[jira] [Updated] (METRON-1795) General Purpose Regex Parser

Jagdeep Singh (JIRA) Wed, 26 Sep 2018 22:23:34 -0700


     [ 
https://issues.apache.org/jira/browse/METRON-1795?page=com.atlassian.jira.plugin.system.issuetabpanels:all-tabpanel
 ]


Jagdeep Singh updated METRON-1795:
----------------------------------
    Description: 
We have implemented a general purpose regex parser for Metron that we are 
interested in contributing back to the community.

 

While the Metron Grok parser provides some regex based capability today, the 
intention of this general purpose regex parser is to:
 # Allow for more advanced parsing scenarios (specifically, dealing with 
multiple regex lines for devices that contain several log formats within them)
 # Give users and developers of Metron additional options for parsing
 # With the new parser chaining and regex routing feature available in Metron, 
this gives some additional flexibility to logically separate a flow by:
 # Regex routing to segregate logs at a device level and handle envelope 
unwrapping
 # This general purpose regex parser to parse an entire device type that 
contains multiple log formats within the single device (for example, RHEL logs)

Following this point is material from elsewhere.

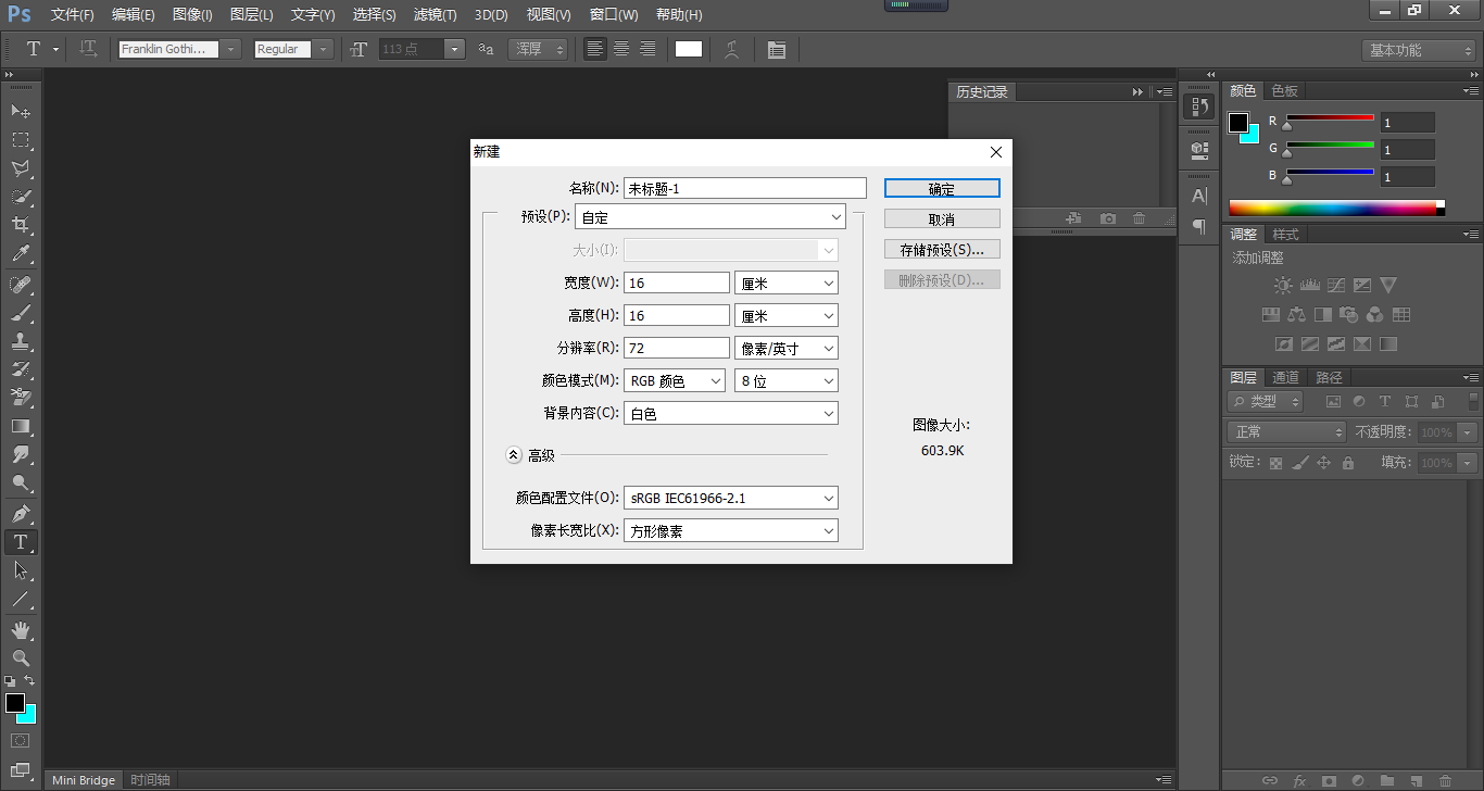 ? ? ? ?设置宽度、高度为16cm,点击 确定;

At the high-level control flow is like this:
 # Identify the record type if incoming raw message.
 # Find and apply the regular expression of corresponding record type to 
extract the fields (using named groups). 
 # Apply the message header regex to extract the fields in the header part of 
the message (using named groups).

 

The parser config uses the following structure:

  
{code:java}
"recordTypeRegex": "(?<process>(?<=\\s)\\b(kernel|syslog)\\b(?=\\[|:))"  
 "messageHeaderRegex": 
"(?<syslogpriority>(?<=^<)\\d{1,4}(?=>)).*?(?<timestamp>(?<=>)[A-Za-z]{3}\\s{1,2}\\d{1,2}\\s\\d{1,2}:\\d{1,2}:\\d{1,2}(?=\\s)).*?(?<syslogHost>(?<=\\s).*?(?=\\s))",
   "fields": [
      {
        "recordType": "kernel",
        "regex": ".*(?<eventInfo>(?<=\\]|\\w\\:).*?(?=$))"
      },
      {
        "recordType": "syslog",
        "regex": 
".*(?<processid>(?<=PID\\s=\\s).*?(?=\\sLine)).*(?<filePath>(?<=64\\s)\/([A-Za-z0-9_-]+\/)+(?=\\w))(?<fileName>.*?(?=\")).*(?<eventInfo>(?<=\").*?(?=$))"
      }
]
{code}
 

Where:
 * *recordTypeRegex* is used to distinctly identify a record type. It inputs a 
valid regular expression and may also have named groups, which would be 
extracted into fields.
 * *messageHeaderRegex* is used to specify a regular expression to extract 
fields from a message part which is common across all the messages (i.e, syslog 
fields, standard headers)
 * *fields*: json list of objects containing recordType and regex. The 
expression that is evaluated is based on the output of the recordTypeRegex
 * Note: *recordTypeRegex* and *messageHeaderRegex* could be specified as lists 
also (as a JSON array), where the list will be evaluated in order until a 
matching regular expression is found.

  was:
We have implemented a general purpose regex parser for Metron that we are 
interested in contributing back to the community.

 

While the Metron Grok parser provides some regex based capability today, the 
intention of this general purpose regex parser is to:
 # Allow for more advanced parsing scenarios (specifically, dealing with 
multiple regex lines for devices that contain several log formats within them)
 # Give users and developers of Metron additional options for parsing
 # With the new parser chaining and regex routing feature available in Metron, 
this gives some additional flexibility to logically separate a flow by:
 # Regex routing to segregate logs at a device level and handle envelope 
unwrapping
 # This general purpose regex parser to parse an entire device type that 
contains multiple log formats within the single device (for example, RHEL logs)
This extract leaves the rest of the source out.